Readers may be interested to know how these judges have voted in respect of other sexual orientation related complaints that they have heard.
In fact, both judges, members of the Fourth Section of the Court, have only voted, as far as I can tell, on the merits of one other sexual orientation related complaint each.
Judge De Gaetno joined the Court as the judge for Malta in 2010. Other than his partly dissenting vote in Eweida and Others v the United Kingdom, he also voted against the majority decision in X. and Others v Austria that has recently been discussed on this blog. Judge De Gaetno has therefore twice voted in the negative in respect of human rights relating to sexual orientation.

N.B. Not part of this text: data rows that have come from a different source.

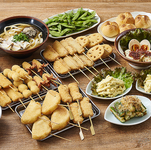 串カツ田中が誇る「大阪名物・串カツ」はもちろん、人気メニュー「かすうどん」や「ポテトサラダ」もお楽しみ頂ける「串カツ田中コース」がオススメ☆串カツ田中の宴会コースは全て2名様からご予約可能、2時間飲み放題付きで4000円(税込)~ご用意しております♪
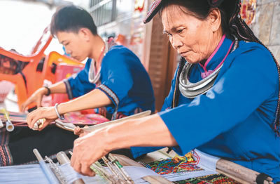 在貴州黔東南苗族侗族自治州,各族非遺傳承人群大大受益于非遺研培計劃、傳統(tǒng)工藝工作站和非遺扶貧工坊。如苗族蠟染傳承人楊秀芳2016年到清華大學非遺研修班學習。學成歸來后,她開拓了眼界,提升了文化自信,在大山深處組織苗寨婦女從事手工藝生產(chǎn),她的女兒還將銷售門店開到了丹寨縣。
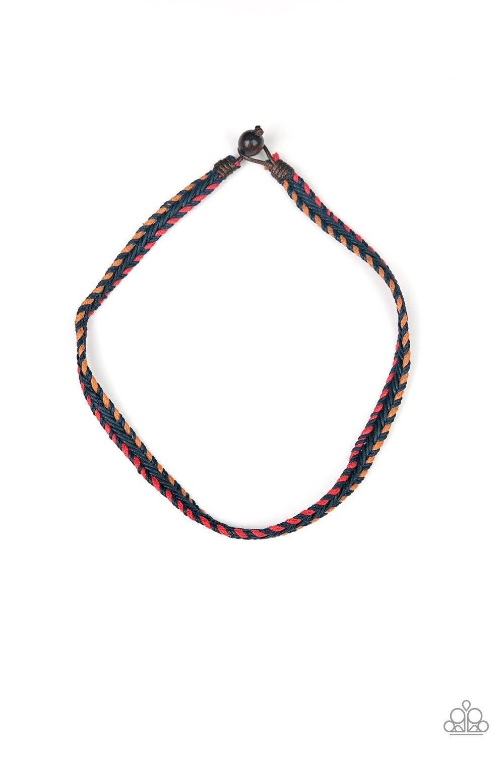 Shiny blue cording knots around brown and red cording, creating a colorful braid below the collar. Features a button loop closure.
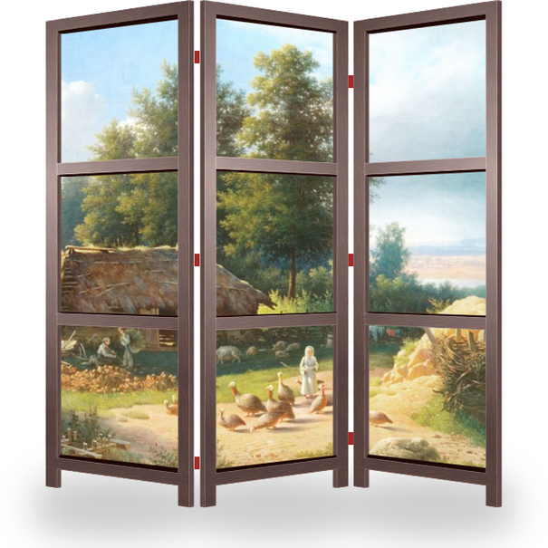 Ширма эконом отлично подойдет для временного размещения, рекламы, для отгораживания объектов интерьера и его дополнения. Лицевая сторона с изображением, обратная сторона открытый каркас
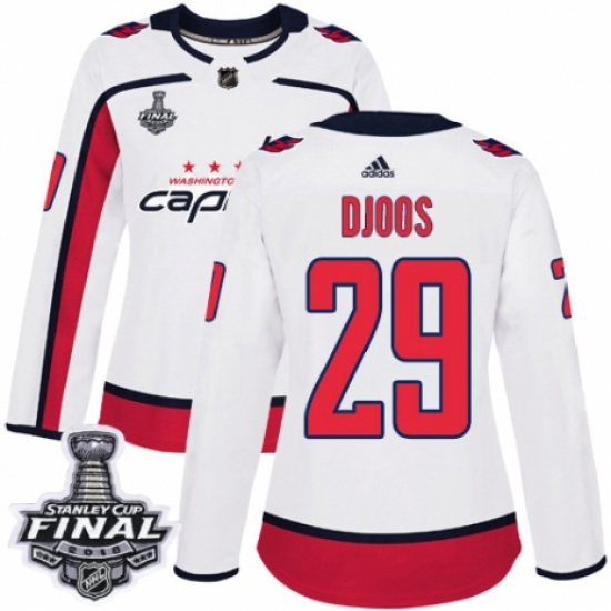 Women's Adidas Washington Capitals #29 Christian Djoos Authentic White Away 2018 Stanley Cup Final NHL Jersey
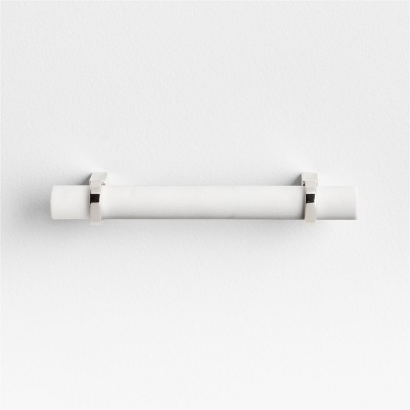 Sometimes it's the small things that pull a room together. That's why we've designed a hardware collection with modern silhouettes, clean lines and a touch of tradition to give your kitchen or bath that perfect finishing touch. Showcasing naturally beautiful white marble, our pull elevates a cabinet, dresser or vanity with an eye-catching organic accent. We love the way the polished chrome bracket cradles the slender marble rod in a sleek mix of materials. Our four-inch bar pull instantly dresses up drawers and doors throughout the home.
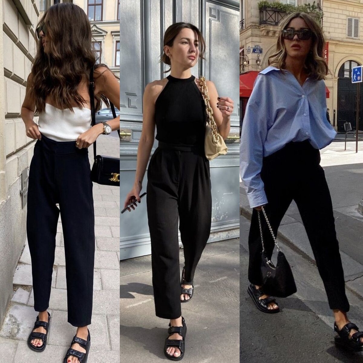 Универсальная летняя обувь, которую девушки успешно переняли из мужского гардероба, станет дополнением к разнообразным образам, нужно лишь научиться правильно их носить. Черный низ Самое неопасное сочетание массивных сандалий - с черными брюками/шортами/юбками. Важен - свободный фасон, скинни не подойдут. Белый низ Идеально для нежных светлых образов, один момент: необходимо добавить аксессуар — сумку, ремень, очки — или, например, топ в цвет обуви, чтобы она сильно не выделялась. Джинсы/кожаные брюки Лето в Краснодаре, конечно, не разрешит дак модничать в +50 в тени, но для умеренного климата и вечерних прогулов — в самый раз. Если посмотреть на все образы, то можно заметить, что простота — залог стиля. Выбирайте однотонные вещи в классических оттенках, свободного фасона и не забудьте про аккуратный педикюр. Спасибо за внимание ❤️ Ставьте лайки и подписывайтесь на канал✨

Judge Vučinić joined the Court as the judge for Montenegro in 2008. Other than his partly dissenting vote in Eweida and Others v the United Kingdom, he filed an interesting concurring opinion in J.M. v the United Kingdom in which the Fourth Section unanimously upheld a complaint about discrimination on the grounds of sexual orientation in the payment of child maintenance. In the judgment the majority refused to consider the complaint under the 'family' life limb of Article 8, even though the judgment was given after the Court had recognised same-sex couples as constituting a family for the purposes of Article 8 in Schalk and Kopf v. Austria and P.B. and J.S. v. Austria. Judge Vučinić, joined by two colleagues, went to some lengths to argue that same-sex couples should be considered to constitute a family for the purposes of Article 8:
'J.M. offered a good opportunity to contribute to the emerging change in our case-law. Regrettably, the majority chose to avoid taking a clear position. In paragraph 50 the Court observes that the case is related to situations that took place in 2001-2002 and 2006. The Court confirms that “the consensus among European States in favour of assimilating same-sex relationships to heterosexual relationship has undoubtedly strengthened since it examined the issue in 2001 in the Mata Estevez decision”. However, the Court did not find it necessary to “decide whether the facts of the case, which are virtually contemporaneous with those of Mata Estevez case itself, also fall within the ambit of Article 8 in its family life aspect”. Judicial self-restraint is often a virtue, but not in cases in which courts should admit their own mistakes. It cannot be excluded that the Court was wrong already in Mata Estevez. In any case, we should not have refrained from unequivocal confirmation that today, in 2010, the notion of family life can no longer be restricted to heterosexual couples alone.'
It will be interesting to follow the decisions of these two judges in the future.